Regulation of Wnt signalling pathways by the Dishevelled DEP domain
Wnt signals bind to Frizzled receptors to trigger canonical and noncanonical signalling responses that control cell fates during animal development and tissue homeostasis. All Wnt signals are relayed by the hub protein Dishevelled (DVL). During canonical (β-catenin dependent) signalling, Dishevelled assembles signalosomes via dynamic head-to-tail polymerization of its DIX domain, which are cross-linked by its DEP domain through a conformational switch from monomer to domain-swapped dimer. The domain-swapped conformation of DEP masks the site through which Dishevelled binds to Frizzled, implying that DEP domain swapping results in the detachment of Dishevelled from Frizzled. This would be incompatible with noncanonical Wnt signalling, which relies on long-term association between Dishevelled and Frizzled. It is therefore likely that DEP domain swapping is differentially regulated during canonical and noncanonical Wnt signalling.
In the first chapter of this thesis work I used biophysical techniques, nuclear magnetic resonance spectroscopy (NMR) and cell-based assays to uncover intermolecular contacts in the DEP dimer that are essential for its stability and for Dishevelled function in relaying canonical Wnt signals. These contacts are mediated by an intrinsically structured sequence spanning a conserved serine phosphorylation site upstream of the DEP domain (S418 in human DVL2) that serves to clamp down the swapped N-terminal α-helix onto the structural core of a reciprocal DEP molecule in the domain-swapped configuration. I also characterized the human DVL2 S435 conserved phosphorylation site located in the DEP hinge loop, a sensitive region for DEP domain swapping. Mutations of S418 and its cognate surface on the reciprocal DEP core or in S435 attenuate DEP-dependent dimerization of Dishevelled and its canonical signalling activity in cells, without impeding its binding to Frizzled. DVL2 S418 and S435 are crucial residues that could be employed to switch off canonical Wnt signalling.

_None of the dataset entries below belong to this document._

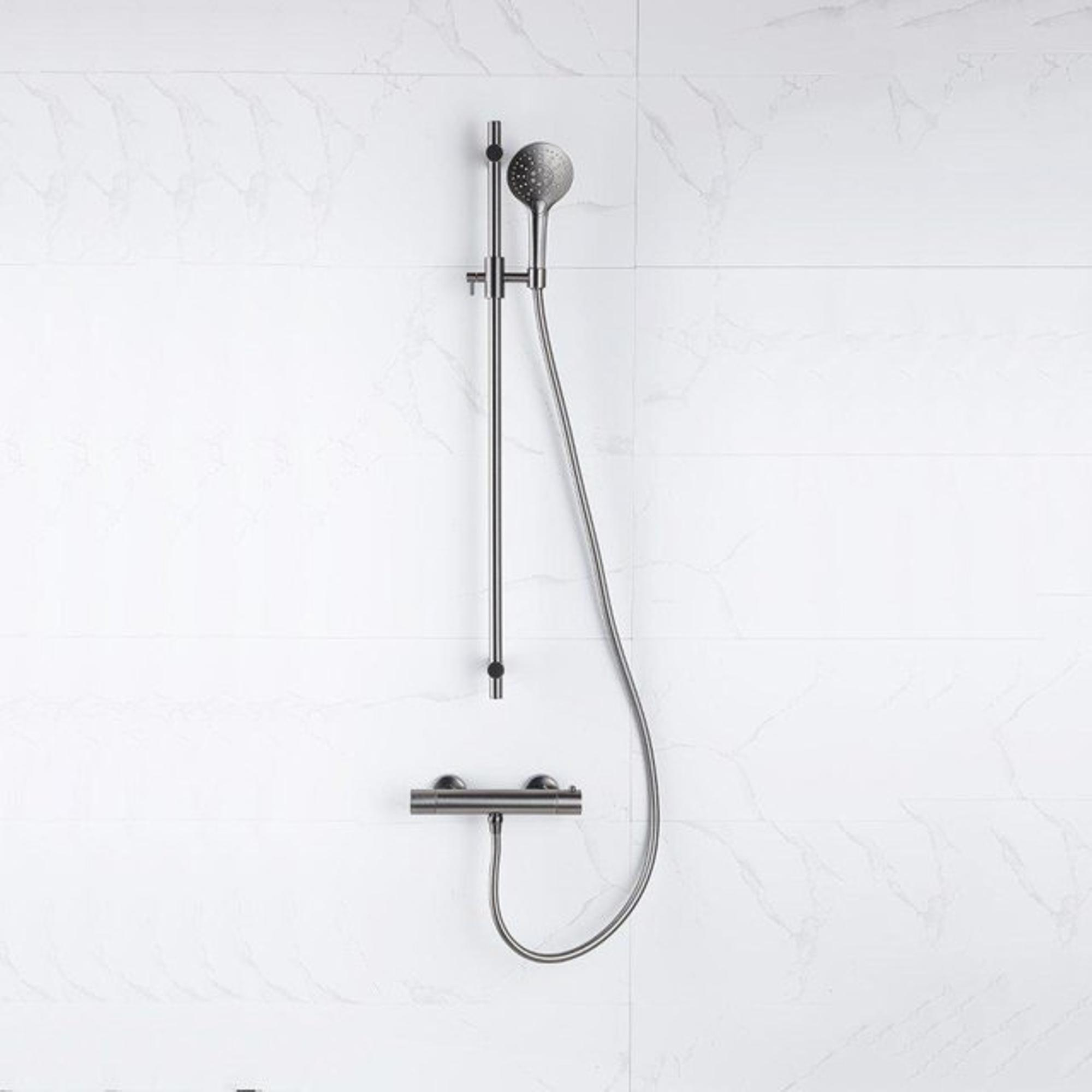 Fortifura Calvi douchekraan met glijstangset met ronde handdouche, metalen doucheslang Geborsteld Gunmetal PVD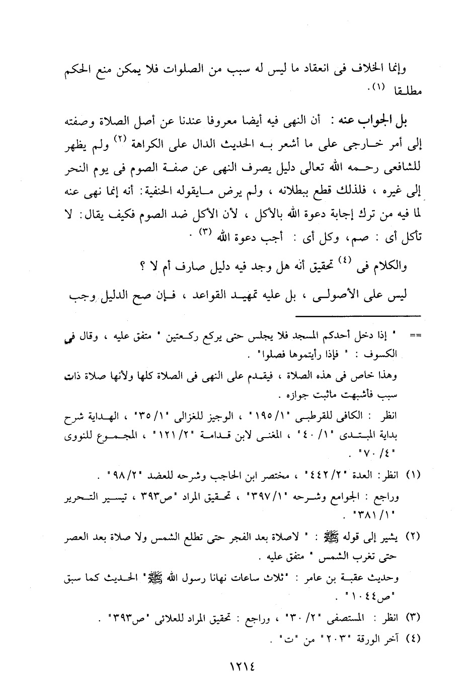 بل الجواب عنه: أن النهي فيه أيضا معروفا عندنا عن أصل الصلاة وصفته إلى أمر خارجي على ما أشعر به الحديث الدال على الكراهة ولم يظهر للشافعي رحمه الله تعالى دليل يصرف النهي عن صفة الصوم في يوم النحر إلى غيره، فلذلك قطع ببطلانه، ولم يرض ما يقوله الحنفية: أنه إنما نهي عنه لما فيه من ترك إجابة دعوة الله بالأكل، لأن الأكل ضد الصوم فكيف يقال: لا تأكل أي: صم، وكل أي: أجب دعوة الله.
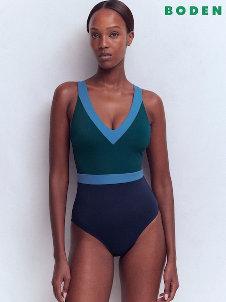 Boden Blue Mykonos Deep V-Neck Swimsuit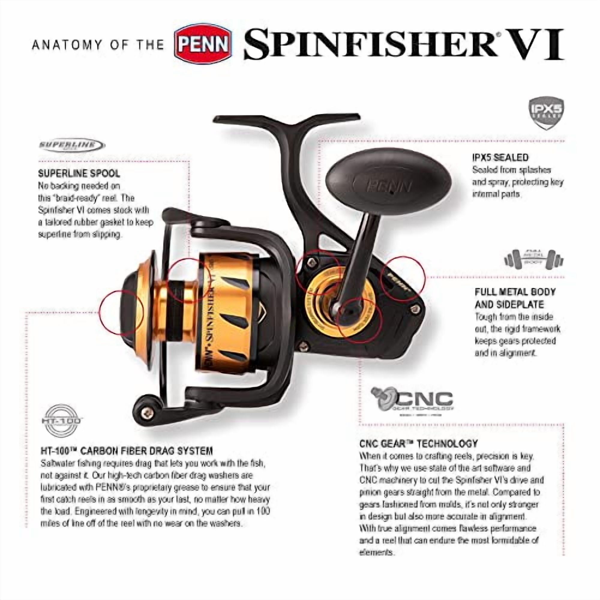 IPX5 SEALED ALUMINUM REEL SPOOL: Successfully combat corrosion with an all-metal reel body and spool design that also features Line Capacity Rings. PRECISION CNC GEAR TECHNOLOGY: Durable, precise, and smooth. Recovers at the rate of 42” | 107cm with every turn of the crank. Gear ratio of 5.6:1. 6 TOTAL BEARINGS: The Spinfisher VI features 5 stainless steel ball bearings plus 1 instant anti-reverse bearing to provide smooth operation for any saltwater fishing experience. HT-100 FRONT DRAG SYSTEM: Built with carbon fiber washers for a max drag of 30lb | 13.6kg, this system will handle big fish without wearing you down. LINE CAPACITY: Mono Capacity yd/lb: 390/12 345/15 205/20. Braid Capacity 485/30 410/40 335/50. RIGHT/LEFT HANDLE POSITION. SUPERLINE SPOOL: Easily prepare for battle with a system that makes it simple to attach slick, braided line. Sizes 2500-5500 have automatic bail trip; Sizes 6500-10500 have manual bail trip. THE PENN PROMISE – No matter where you fish or what you fish for, look to PENN for dependable performance, now and in the future. Sizes 2500-5500 have automatic bail trip Sizes 6500-10500 have manual bail trip

In the second chapter I focused on the study of Diversin. The protein Diversin plays a positive role in noncanonical Wnt signalling such as planar cell polarity and has been reported to play an inhibitory role on canonical Wnt signalling. Reports indicate that Dishevelled DEP domain and Diversin ANK domain interact and that this interaction is crucial for the role of Diversin on noncanonical outputs. Using cell-bases assays, I concluded that overexpression of Diversin inhibits canonical Wnt signalling, consistent with previous results. Moreover, I observed that Dishevelled and Diversin interact and that DEP and ANK are required for this interaction. However, I could not observe a direct interaction between monomeric DEP and ANK, suggesting that the interaction between Dishevelled and Diversin depends on extra regions, different protein conformation or that accessory factors are required for their interaction.